» **Records shown**:

· · · · · · ·

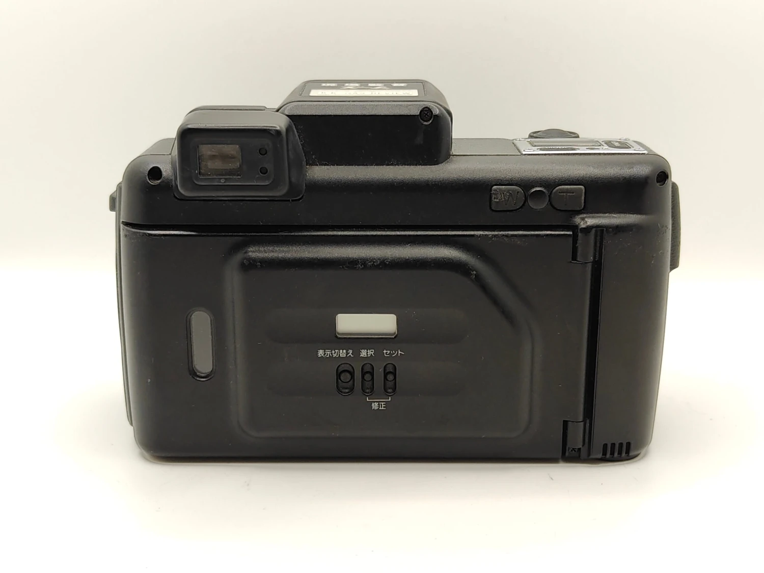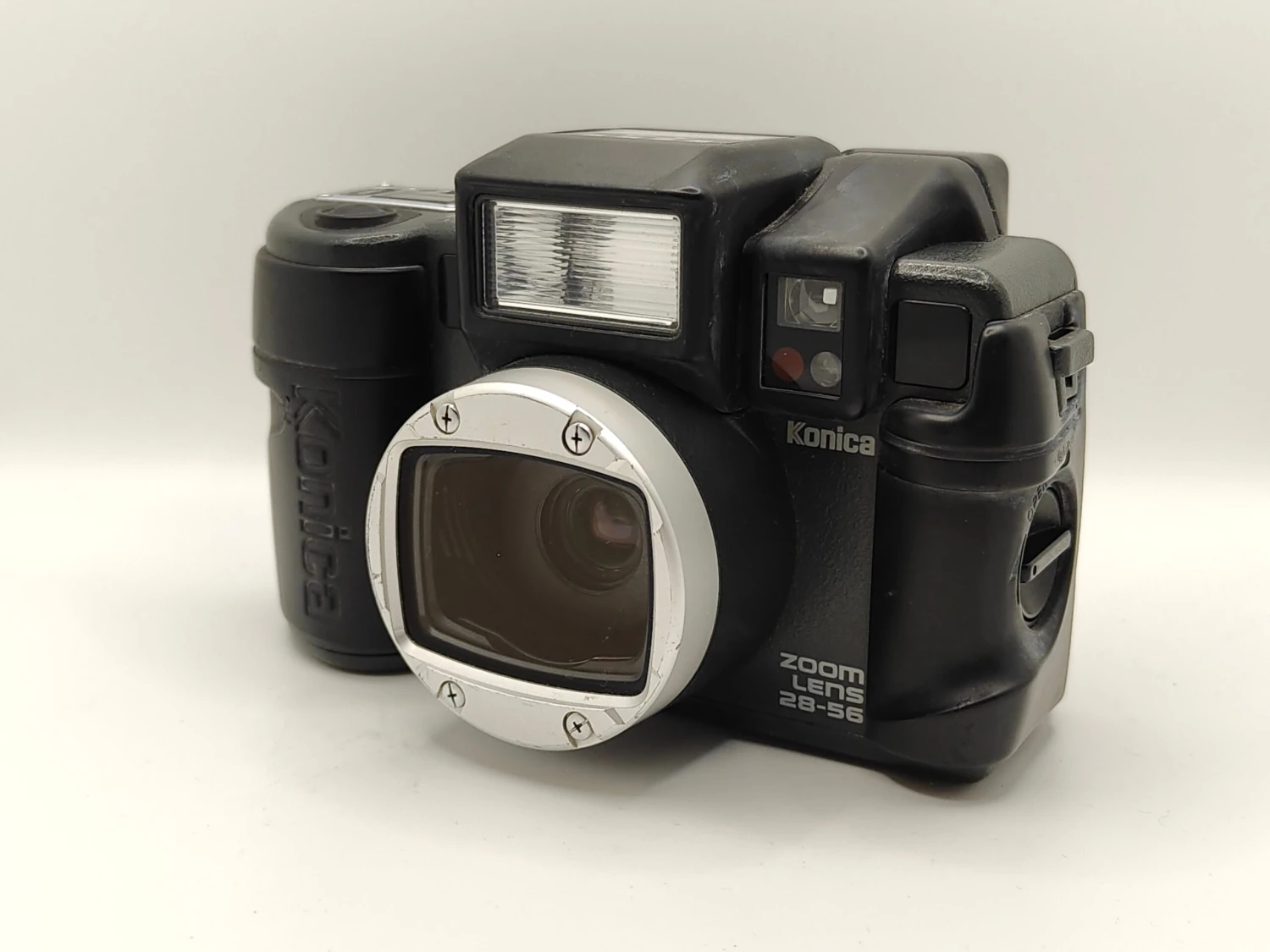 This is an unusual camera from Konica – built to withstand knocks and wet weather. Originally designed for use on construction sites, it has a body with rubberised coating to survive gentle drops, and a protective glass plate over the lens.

· · · · · · ·

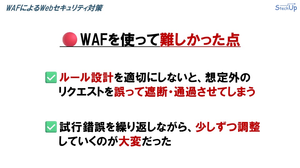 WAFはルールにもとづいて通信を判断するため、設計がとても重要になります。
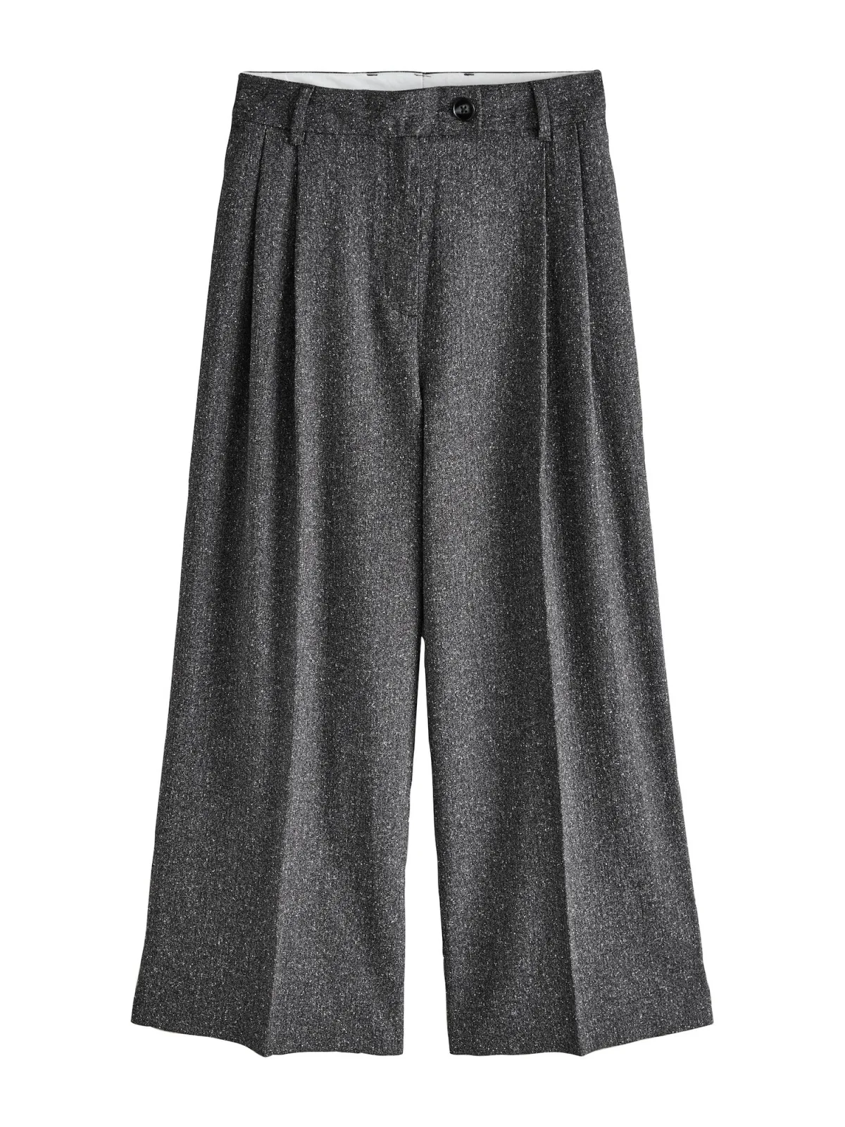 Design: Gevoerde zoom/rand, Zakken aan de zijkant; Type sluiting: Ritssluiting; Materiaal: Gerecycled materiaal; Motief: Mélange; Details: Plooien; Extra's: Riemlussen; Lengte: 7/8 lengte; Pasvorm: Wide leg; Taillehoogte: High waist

· · · · · · ·

Your answer should be the exact lines above from the one containing "WAFはルールにもとづいて通信を判断するため、設計がとても重要になります。" through the one containing "Design: Gevoerde zoom/rand, Zakken", with both end lines kept and the pictures removed, please.

 WAFはルールにもとづいて通信を判断するため、設計がとても重要になります。
 Design: Gevoerde zoom/rand, Zakken aan de zijkant; Type sluiting: Ritssluiting; Materiaal: Gerecycled materiaal; Motief: Mélange; Details: Plooien; Extra's: Riemlussen; Lengte: 7/8 lengte; Pasvorm: Wide leg; Taillehoogte: High waist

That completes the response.